|Founder||Former members of the local Junior Chamber of Commerce|
|Activity||Concerts, parades, street parties|
The Aloha Festivals are an annual series of free cultural celebrations observed in the state of Hawaii in the United States. It is the only statewide cultural festival in the nation. Highlights include the presentation of the Royal Court, a ho'olaule'a in Waikiki, and the Floral Parade. Approximately 30,000 people volunteer to plan, organize, and provide labor for the Aloha Festivals each year. Their efforts entertain over 1,000,000 people from throughout the state and visitors from all over the world.

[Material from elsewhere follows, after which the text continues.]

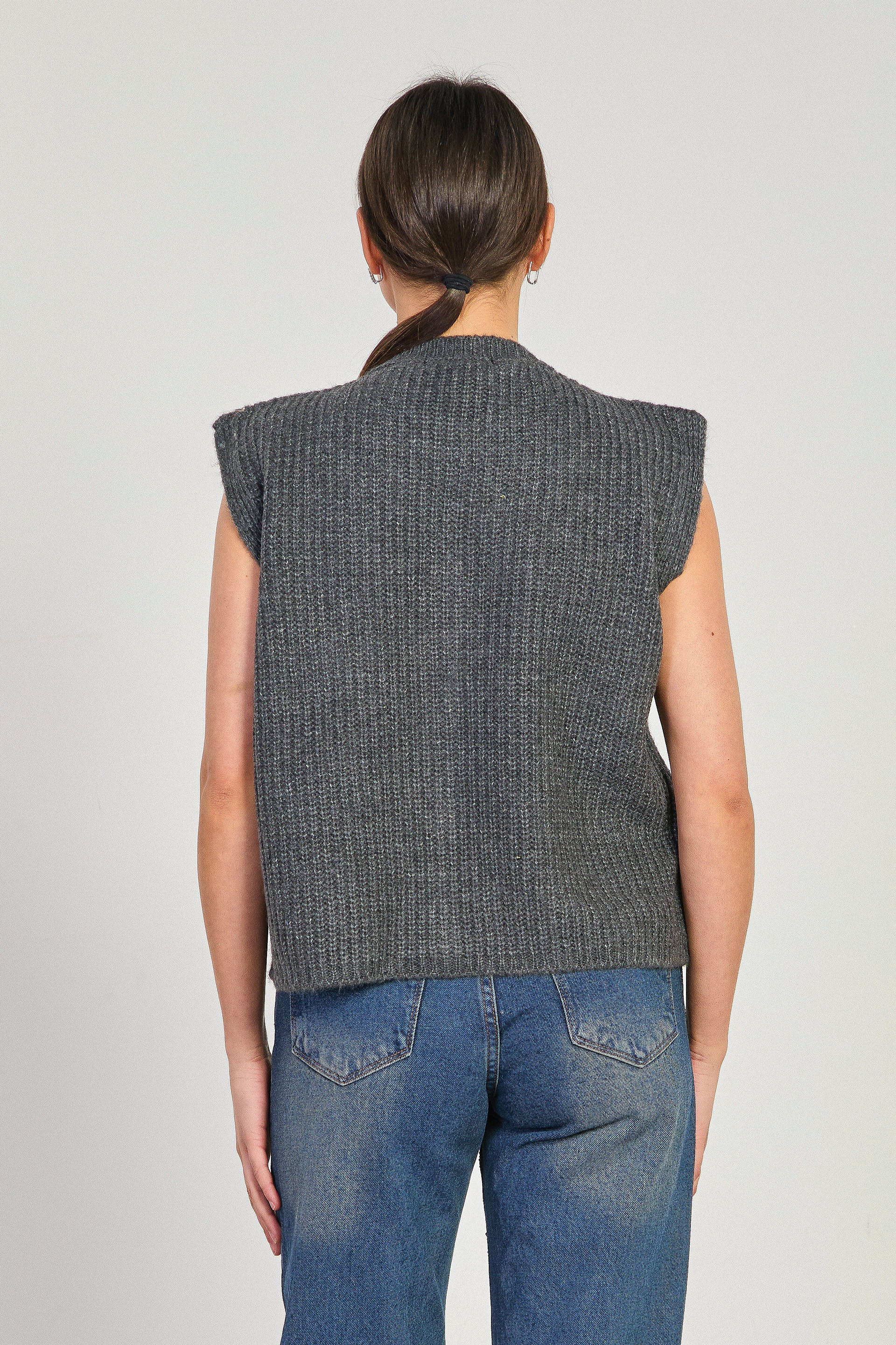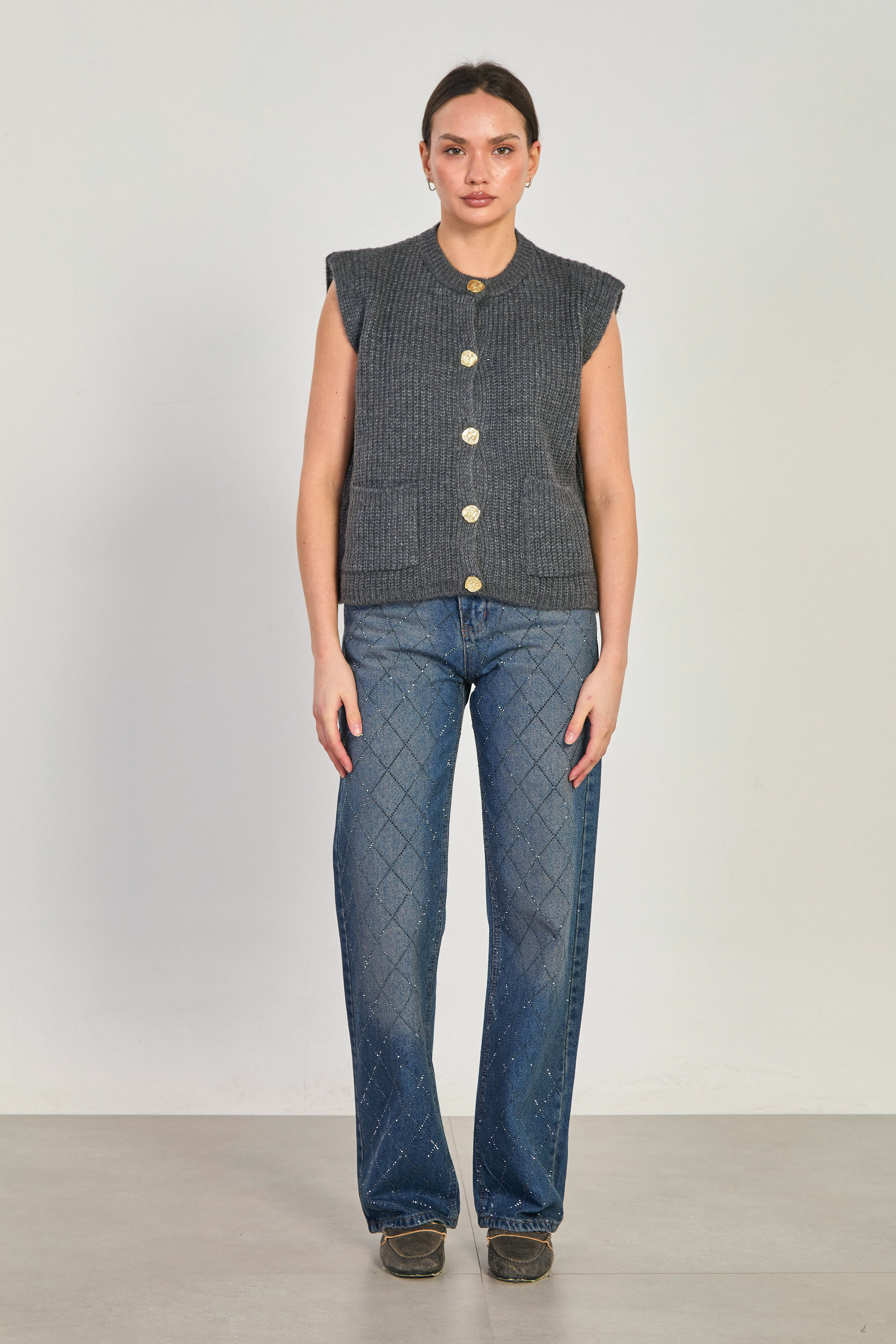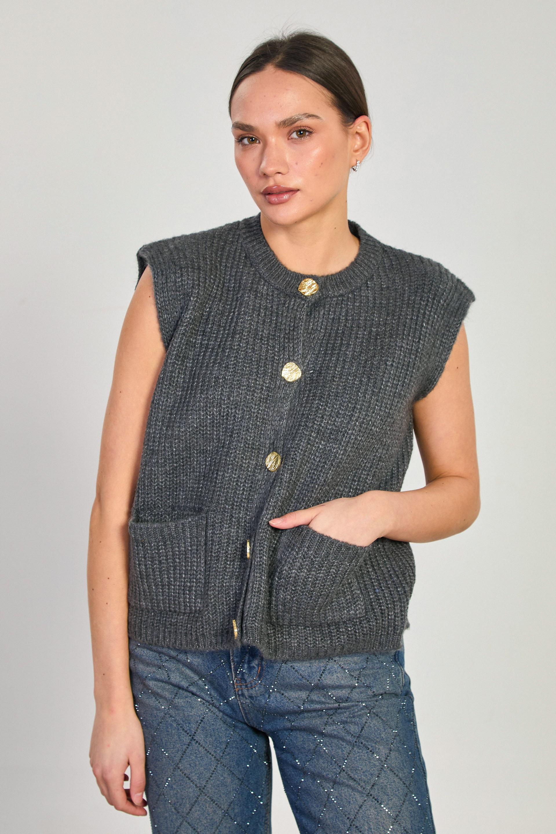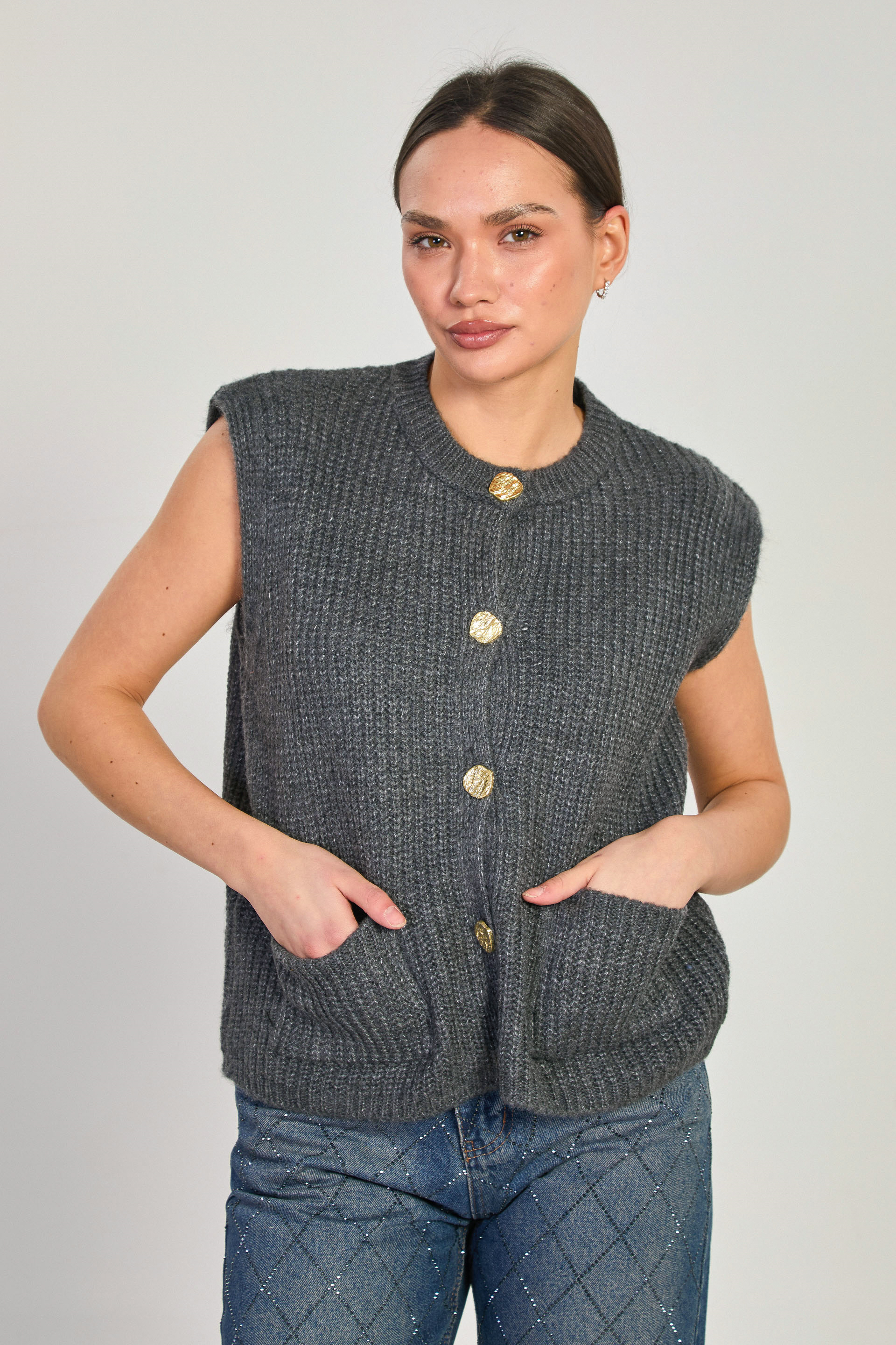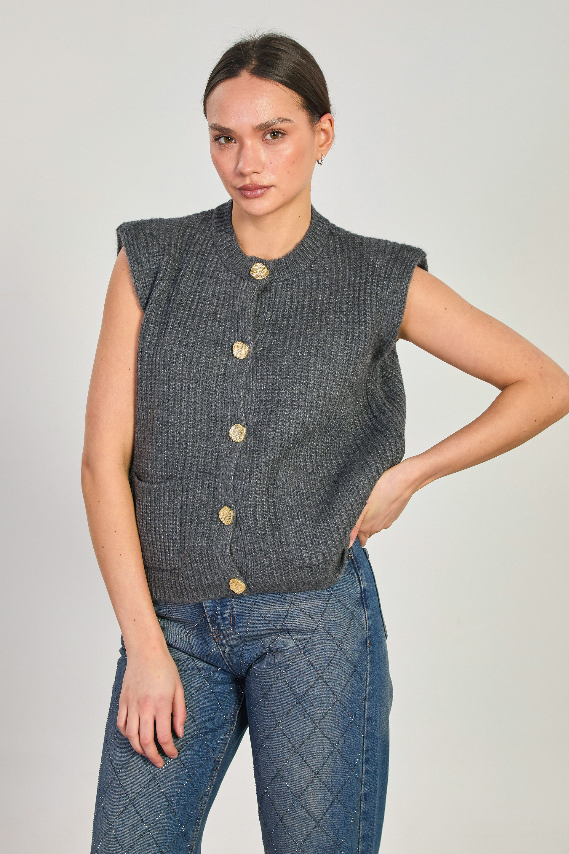 Kadın Gold Düğmeli Çift Cepli Süveter - Antrasit

In the spirit of preserving the Hawaiian culture and heritage, the Aloha Festivals were established in 1946 as Aloha Week by former members of the local Junior Chamber of Commerce. The former manager of the festivals, Goriann Akau, has said, "In 1946, after the war, Hawaiians needed an identity. We were lost and needed to regroup. When we started to celebrate our culture, we began to feel proud. We have a wonderful culture that had been buried for a number of years. This brought it out again. Self-esteem is more important than making a lot of money."
The festival was celebrated on six of Hawaii's islands, but in 2008 festival organizers decided to hold most events on Oahu due to a lack of funding. There was also the chance that the Floral Parade would be cancelled altogether, but it was saved by private donors and funds from the City and County of Honolulu.

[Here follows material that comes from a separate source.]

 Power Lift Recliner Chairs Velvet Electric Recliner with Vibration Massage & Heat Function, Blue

The court is selected from a pool of applicants, all of whom must be of Hawaiian ancestry and of certain ages. The festival itself begins with the presentation of the royal court during the opening ceremony. The ceremony takes place at Helumoa, a section of Waikiki near the Royal Hawaiian Center.
The Floral Parade starts at the intersection of Ala Moana Boulevard and Kamakee st. and goes through Waikiki before finishing at Kapiolani Park. The parade features p'au riders, marching bands, hula halaus, and that year's Aloha Festival Royal Court.